Student Spotlights
Student researcher's work published in Annals of Internal Medicine
July 17, 2014
A study by an IU School of Medicine-South Bend student has attracted attention from national media outlets such as CNN, WebMD and Modern Health Care.
Laura Vater, a second-year student at IUSM-South Bend, is the lead author on a study in the Annals of Internal Medicine analyzing cancer center advertisements that emphasize fear and hope on television and in popular magazines.

Laura Vater
“With these cancer center advertisements, patients are getting the rose-colored glasses version: ‘If you come to our center, you’re going to live,'" Vater said.
The paper presents evidence that cancer patients may have had the quality of their treatment altered before it begins, influenced by cancer center.

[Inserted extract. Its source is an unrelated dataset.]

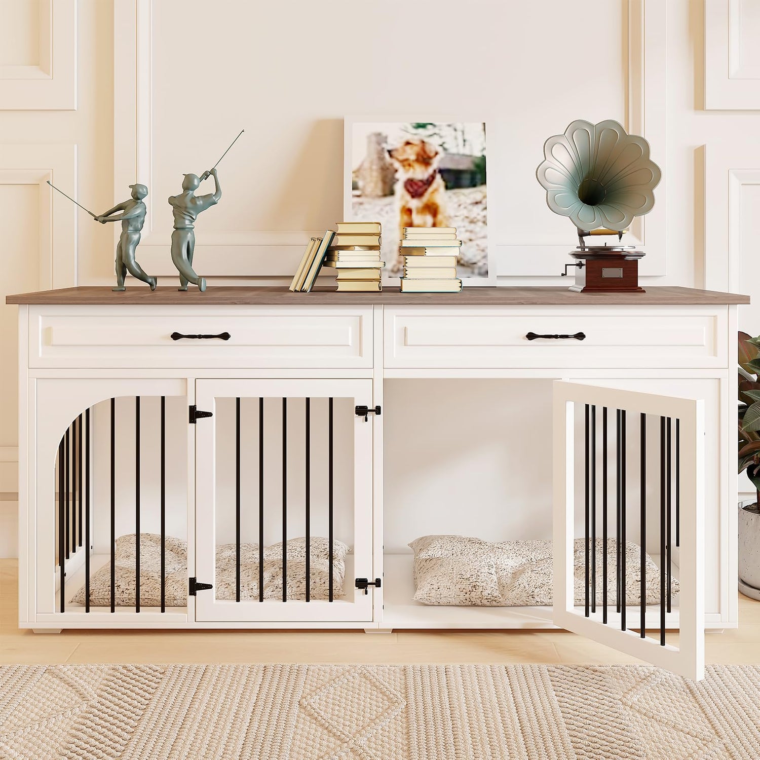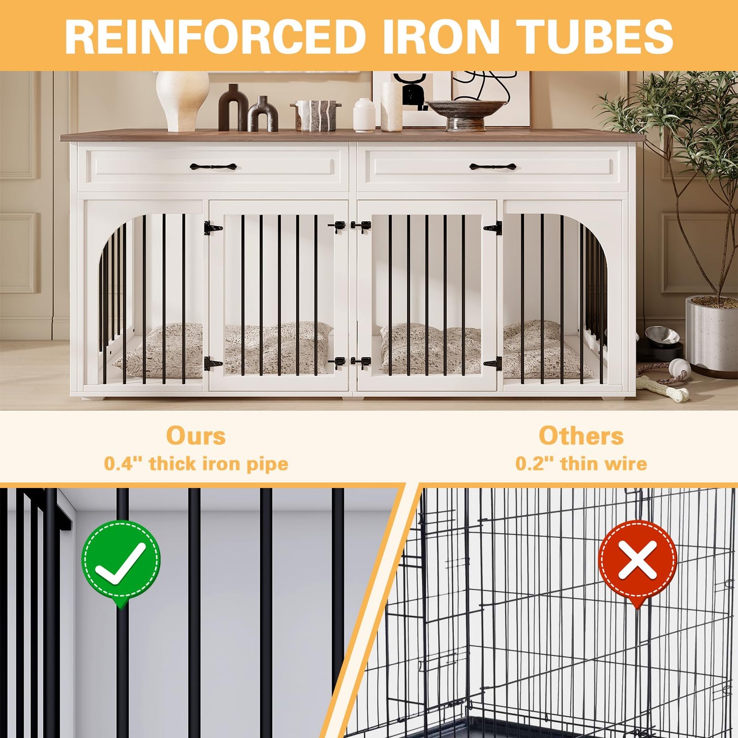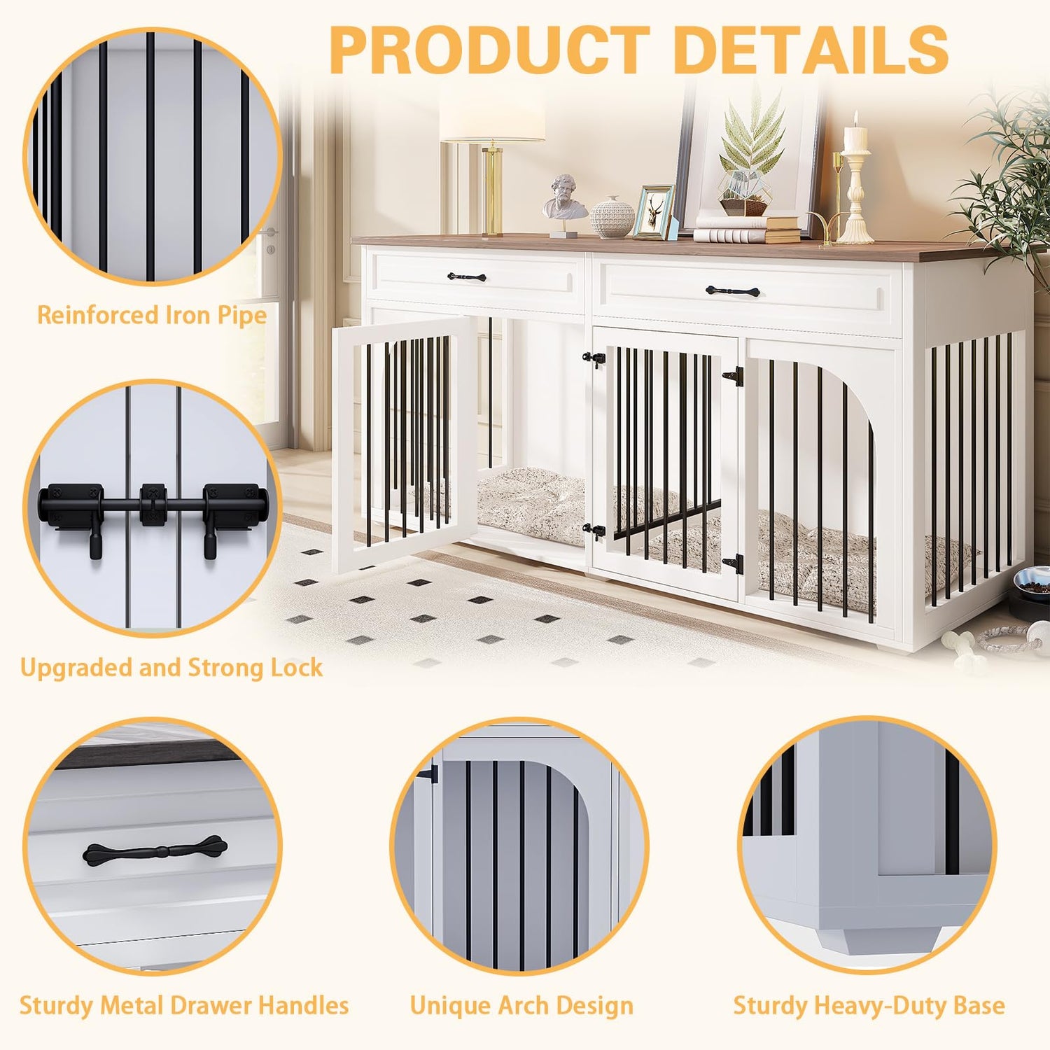 - [AMPLE STORAGE SPACE]The double dog crate furniture is equipped with two large-capacity drawers, where you can place pet supplies or other sundries to make your home cleaner and more orderly. In addition, this wooden dog crate has an extra-large smooth tabletop where you can place a TV and various ornaments.

The study, titled "What Are Cancer Centers Advertising to the Public? A Content Analysis," argues that that cancer center marketing drives a demand for therapies such as chemotherapy and radiation through emotional messaging that is "long on happy endings or battle cries, but short on information" about treatment option risks and benefits, costs and potential alternatives.
Although further research is needed, Vater said she is concerned that this sort advertisement may adversely impact on patients' decisions about treatments, and also may lead to inappropriate demand for services in hopes of a cure that may not be possible.
Vater developed the study before entering medical school as a student in the Graduate School of Public Health at the University of Pittsburgh. Her mentor was Yael Schenker, M.D., assistant professor of medicine at the University of Pittsburgh.
A significant amount of research exists on the impact drug company advertising has on patient-doctor relationships, but little or no research exists on the impact of cancer care advertising, according to Vater.
In conducting the study, Vater, Dr. Schenker and other researchers analyzed the advertising campaigns of the top 102 cancer centers as recognized by the National Cancer Institute. Among these centers, 85 percent use television advertising; 27 percent place ads in popular magazine. The research team reviewed hundreds of magazine ads and some 1,400 television commercials, ultimately analyzing the content of more than 400 video and print advertisements.
The advertisements often referenced specific cancer types, played on fears, evoked hope for survival and touted "aggressive treatment." Communications that should be part of the doctor-patient relationships, such as alternatives, costs, realistic outcomes and side effects, were rarely discussed.
Although the team acknowledged that emotional content is at the heart of all marketing, Vater said they were concerned these ads contributed to a previously documented disconnect between patients’ understanding of their disease and treatment, and physicians’ understanding. These "therapeutic misconceptions," as they are known, are often found at the end of life, when a physician is seeking ways to make a patient comfortable, and the patient is still expecting a cure.
In subsequent studies, Vater said she wants to determine whether and how cancer advertising influences patients, and how much cancer centers spend on advertising.